Possible misplaced SNPs were identified in three purebred populations (DU, LA, and YO), by means of a simple algorithm that considers the decay of LD across genomic distance and the frequency of unexpectedly large linkage disequilibrium of distantly located SNPs. For the three breeds, the plot of LD decay was analysed to assist in the identification of remaining SNPs with unexpected patterns of LD. In total 608 SNPs were identified as possible misplaced SNPs (Additional file 1). The pattern of LD before and after the exclusion of these 608 SNPs are shown in Additional files 2 and 3, respectively. Fernández et al. [19] also reported the occurrence of position error in the pig genome Assembly 10 in a crossbred pig population. These procedures were carried out because preliminary results of LD analysis showed unexpected decreasing patterns of r 2 (Additional file 2), indicating possible errors in the SNP positions.

Genetic diversity metrics

The metrics used to estimate levels of within-breed genetic diversity and population history were:

  1. 1)

    Heterozygosity: Observed heterozygosity (HO) was calculated as the number of heterozygous loci divided by the total number of loci. The observed heterozygosity was then compared to expected heterozygosity (HE).

  2. 2)

    Average minor allele frequency (MAF): MAF is the observed frequency of the least common allele.

  3. 3)

    Average pairwise genetic distance (D): The average pairwise genetic distance separating individuals within each population was calculated using PLINK package [20]. Larger values indicate greater genetic distance among individuals within a population. The average proportion of alleles shared was calculated as: \( {D}_{ST} = \frac{IBS2+0.5*IBS1}{N} \), where IBS1 and IBS2 are the number of loci which share either 1 or 2 alleles identical by state (IBS), respectively, and N is the number of loci tested. Genetic distance between all pair-wise combinations of individuals was calculated as: D = 1 - DST.

  4. 4)

    Inbreeding coefficients: The following measures of inbreeding were calculated for each individual:

    1. a)

      Excess of homozygosity (F EH ): \( \frac{1}{m}{\displaystyle {\sum}_{i=1}^m1 - \frac{c_i\ \left(2 - {c}_i\right)}{2{p}_i\left(1 - {p}_i\right)}} \), where m is the number of SNPs, p i is the frequency of the first allele and c is genotype call (i.e. the number of copies of the first allele) [20].

    2. b)

      VanRaden (F VR ): The FVR estimate was calculated following VanRaden [21] based on the additive variance of genotypes. FVR was derived from: \( {F}_{VR} = \frac{{\displaystyle {\sum}_{i=1}^m}{\left[{c}_i-E\left({c}_i\right)\right]}^2}{2{\displaystyle {\sum}_{i=1}^m}{p}_i\left(1-{p}_i\right)}-1=\frac{{\displaystyle {\sum}_{i=1}^m}{\left({c}_i-2{\hat{p}}_i\right)}^2}{2{\displaystyle {\sum}_{i=1}^m}{p}_i\left(1-{p}_i\right)} - 1 \). This was equivalent to estimating an individual’s relationship to itself (diagonal of the SNP-derived genomic relationship matrix, GRM) [22].

    3. c)

      Runs of homozygosityROH (F ROH ): FROH was calculated as the sum of regions of the genome that consists of runs of homozygosity divided by the total genome length across all 18 autosomes [23] covered by SNPs. Runs of homozygosity were identified and characterized using PLINK [20]. The ROH were defined by a minimum of 40 homozygous SNPS. One heterozygous SNP and a maximum of two missing markers per ROH were permitted.

    4. d)

      Pedigree based inbreeding (F PED ): The pedigrees of animals were traced back to the founder populations and mean inbreeding coefficients per breed were calculated using the Colleau’s indirect method [24].

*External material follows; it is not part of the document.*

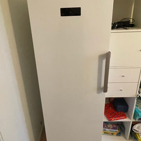 Beko TG1114Y skabsfryser med flere gennemsigtige skuffer til opbevaring af frosne varer. Fryseren er hvid og designet til opbevaring af madvarer ved lave temperaturer.

Principal component analysis

To investigate the genomic composition of the population, the principal components were derived from the genomic relationship matrix (G, [21]) calculated using all the genotyped animals and SNPs (after QC process). Principal components were calculated using the prcomp function of R package [25].

Effective population size

The effective population size (Ne) in each generation was calculated based on the average linkage disequilibrium (r 2, described in the next section) of different distances, assuming a model without mutation, using the formula described by Sved [26]: \( E\left({r}^2\right)=\frac{1}{1+4{N}_ec} \), in which c is the distance in Morgans between the SNPs and T is equal to 1/2c and represents the age of Ne [27]. The Ne was estimated for different generations using the average of c (assuming 1 cM = 1 Mbp) and r 2 at every 0.10 (±0.05) Mbp for distances between 0.05 Mbp and 10 Mbp and 0.5 (±0.05) Mbp for distances between 10 and 20 Mbp.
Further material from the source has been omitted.